How many binary strings of length 10 contains exactly two 01?

[nille40]

Hi all!
I'm in serious need of some help.

The question:
How many binary strings of length 10 contains exactly two "01"?

My idea was to weld together 4 bits to 2 "01". That way, there's $$\frac{8!}{2!}$$ strings with at least 2 "01". But there are a bunch of strings with more than 2 "01" in these, and these must be accounted for. How can I locate these?

Thanks in advance,
Nille

 

[Hurkyl]

All right, think of it this way:

Any string of "0"s and "1"s can be thought of in the following way:

It starts with some positve number of one of the digits, then it is some positive number of the other digit, then the first one again, and so on...

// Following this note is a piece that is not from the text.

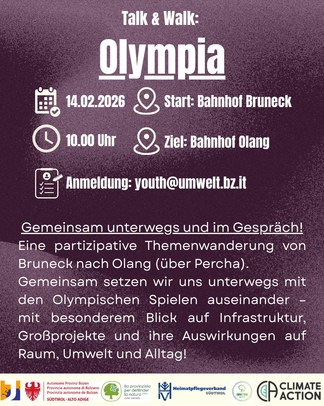 Olympia. Dafür werden die unfertigen Olympia-Projekte entlang der Pustertaler Straße begutachtet und als Denk- und Gesprächsanstoß genutzt. Dabei werden während des Gehens Informationen ausgetauscht und über die Auswirkungen von Olympia auf Mensch und Umwelt reflektiert.
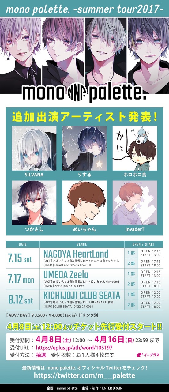 4月2日の新宿ReNYワンマンでも盛況ぶりをみせ、夏ツアーに突入するmono palette.。東名阪開催となる<mono palette.-summer tour2017->では各公演ごとに異なる2組の歌い手がmono palette.と共にライブ参戦する。7月15日の名古屋HeartLand公演には「ホロホロ鳥」「つかさし」が、7月17日の梅田Zeela公演には「めいちゃん」「InvaderT」が、8月12日の吉祥寺CLUB SEATA公演には「りする」「SILVANA」が出演予定となっている。

Any bit sequence can be represented this way, and in this representation it is easy to identify whether it satisfies your constraint (exactly two occurences of "01")...

Once you do this, can you figure out how to count them?

 

[nille40]

Hi! Thanks for responding!

You seem to be on to something, there... I don't understand it though...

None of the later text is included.